AUDIT TRAIL The audit trail for verification of MBH98 errors is set up here in 3 formats: 1. Errors and defects which can be verified through inspection of the MBH98 dataset 2. Updates which can be verified through comparison of MBH98 and NGDC data 3. Errors in proxy principal component calculation, which require re-collation of NGDC data, and comparison of explained variance.
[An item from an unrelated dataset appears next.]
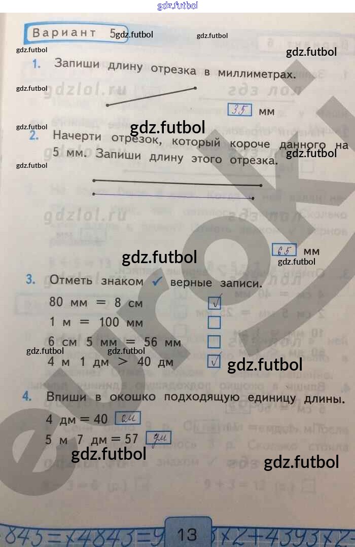 Готовые домашние задания по Математике за 2 класс Рудницкая Контрольные работы УМК 2017 ФГОС - Измерение длин Вар-5
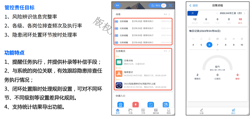 推動隱患排查工作全員化、全方位、全天候的良好運行,通過雙重預防機制數(shù)字化平臺,進一步優(yōu)化了隱患排查治理流程,隱患排查更聚焦、更有針對性。同時在公司隱患獎懲激勵制度的引導下,全員積極參與隱患排查治理,提高了員工排查隱患能力與積極性。雙重預防機制數(shù)字化平臺統(tǒng)計每周的隱患排查任務完成率、隱患整改完成率,對 24 小時內(nèi)即將超期未整改的隱患發(fā)出隱患超期提醒,強有力的保障公司各級隱患排查與治理工作有效實施。

1. Errors which can be verified through inspection This is the proxy dataset (1 MB) as received. This can be opened in an Excel sheet. The following extracts show collation errors and fills. The files are all tab-separated and will be tidied. a) Series 72-80 row 1980. All Texas-Mexico principal components have same 1980 value. Data b) Series 81 to 83 row 1980. All Vaganov principal components have same 1980 value. Data c) Series 84 and 90-92 row 1980. Four ITRDB US principal components have same 1980 value. Data d) series 73 year 1499 start Data e) series 74-75 year 1599 start Data f) series 76-80 year 1699 start Data g) series 81 year 1449 start Data h) series 82 year 1599 start Data i) series 83 year 1749 start Data j) series 86-89 year 1499 start Data k) series 90 year 1599 start Data l) series 91-92 year 1749 start Data m) series 3, year 1907-1909 fills Data n) series 3 year 1953-1964 fills (3 fills in 1962-64 overlaying source see below) Data o) series 6, year 1980 fill Data p) series45, year 1979-1982 fills Data q) series 46, year 1975-1980 fills Data r) series 50, year 1962-1982 copied from series 49 values in adjacent column Data s) series 51, year 1977-1980 fill Data t) series 52, year 1974-1980 fill Data u) series 53, year 1400-1404 fill Data v) series 54, year 1975-1980 fill Data w) series 55, year 1979-1980 fill Data x) series 56, 1975-1980 fill Data y) series 58, 1977-1980 fill Data z) series 93-99, 1976-1980 fill Data aa) series 102, 1975-1980 missing data Data ab) series 103, 1975-1980 missing data Data ac) series 104, 1974-1980 missing data Data ad) series 106, 1972-1980 missing data Data ae) series 112, 1973-1980 missing data Data af) series 10, 1980 missing data Data
2. Truncations and updates which can be verified at NGDC The audit trail here is set up as a series of short scripts in R, which read the corresponding data and output (usually a correlation) and referrable here as hyperlinks to series-by-series annotation. Users of R (after loading the MBH98 proxy table using the command below) can simply copy the script into R and the correlation or other index should result. Tweaks for users of Matlab should be apparent to such users. The location of FTP sources of the various MBH98 series has been by trial-and-error as MBH98 provides no such disclosure. All FTP sources here (except the Central England series from Hadley Centre) are from NGDC, which maintains an excellent collection. Bruce Bauer, the manager of the paleo program, has been unfailingly co-operative to even the most minute inquiry. While enough FTP sources have been located to make this section of interest, many others have not. Indeed, it is a pet peeve of mine that some of the more vociferous advocates of aggressive public policy have failed to archive their data with NGDC. Some examples of this are here. Steps taken with each series were to calculate correlations, examine the start and finish for truncations or additions and to plot the series. The scripts hyperlinked below have been condensed to show the material point referred to. load("c:/climate/data/mann/proxy.tab") load("c:/climate/data/mann/prname.tab")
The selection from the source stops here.